2. Pretraining benefits are not language specific: Furrer et al. (2020) suggest that the main benefit of pretraining might be to improve the model’s ability to substitute similar words or phrases with each other. This hypothesis is circumstantially supported by the observation that in SCAN, for instance, pretraining benefits are largest in splits requiring a single-word substitution (e.g. add jump) and smaller in splits requiring the substitution of longer phrases. However, this hypothesis assumes that pretraining with English language texts should be crucial for transfer success in SCAN and COGS. The pretrained T5 models from Raffel et al. (2020) were indeed trained primarily on the C4 corpus, which consists mainly of English language texts. To see if pretraining benefits would be sustained with models trained primarily on languages other than English, we conducted the same experiments with the multilingual T5 (mT5) models (Xue et al., 2021), which are language models trained on 101 different languages. Importantly, Xue et al. (2021) report that less than 5% of the training data for the mT5 models were English sentences. Despite this, we find that pretrained mT5 models (mt5_base and mt5_xl) also significantly improve generalization accuracy in both SCAN and COGS (Tables 1-2). In SCAN, the mT5-base model improves the generalization accuracy over the same model architecture trained from scratch by 13% and the larger mT5-xl model improves it by over 71%. Similarly large improvements are observed in the COGS benchmark as well (Table 2).

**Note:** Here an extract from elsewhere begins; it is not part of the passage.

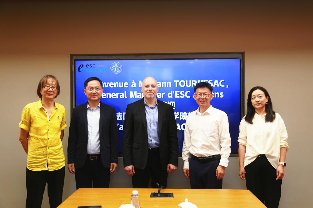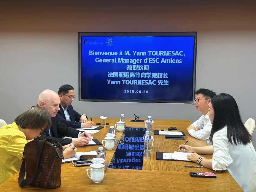 6月20日,法国亚眠高等商安博(中国)(ESC Amiens)校长Yann TOURNESAC、法方项目亚洲市场主管严威、法方项目代表诸正珧一行到访我校,双方就深化教育合作、推动学生交流及专业共建等议题展开会谈。我校黄群校长、工商企业管理(中法合作)专业教师丁玲出席会议。

These results suggest that pretraining data do not have to come primarily from English to enable successful transfer to SCAN and COGS. However, it is still possible that the relatively small amount of English examples in mT5’s training corpus might be responsible for the successful transfer to SCAN and COGS. To rule out this possibility, we also considered a model pretrained exclusively on non-English data, namely a German-to-French machine translation model (Marian NMT) trained on the OPUS-MT corpus (Tiedemann and Thottingal, 2020). We observed substantial pretraining benefits even for this model (Tables 1-2): 11% absolute improvement in generalization accuracy in SCAN over a baseline model with the same architecture trained from scratch and 21% absolute improvement in generalization accuracy in COGS. This surprising result suggests that language overlap between the pretraining data and the downstream domain is not necessary for successful transfer and casts doubt on the hypothesis of Furrer et al. (2020) that pretraining benefits primarily originate from an improved ability of the model to substitute similar words or phrases with each other.

To probe the limits of successful transfer further, we next asked whether pretraining with programming languages, as opposed to natural languages, would also improve generalization in downstream semantic parsing tasks. To test this, we took a recent language model called CodeT5 (denoted by ct5_base in Tables 1-2), which was pretrained predominantly on several different programming languages (Wang et al., 2021). We note that the pretraining data for this model involved some amount of natural language as well, however, so the model was not pretrained exclusively with programming languages (for more details on the pretraining data and the pretraining tasks for this model, please see Wang et al. (2021)). Remarkably, CodeT5 also substantially improved generalization in both SCAN and COGS (Tables 1-2). The overall improvements were roughly equivalent in size to the improvements afforded by large-scale pretraining with natural languages. This result is consistent with an earlier observation made by Papadimitriou and Jurafsky (2020) that pretraining with Java code improves downstream language modeling tasks with natural languages and it once again demonstrates the surprisingly broad transferability of the linguistic representations and knowledge learned through large-scale pretraining.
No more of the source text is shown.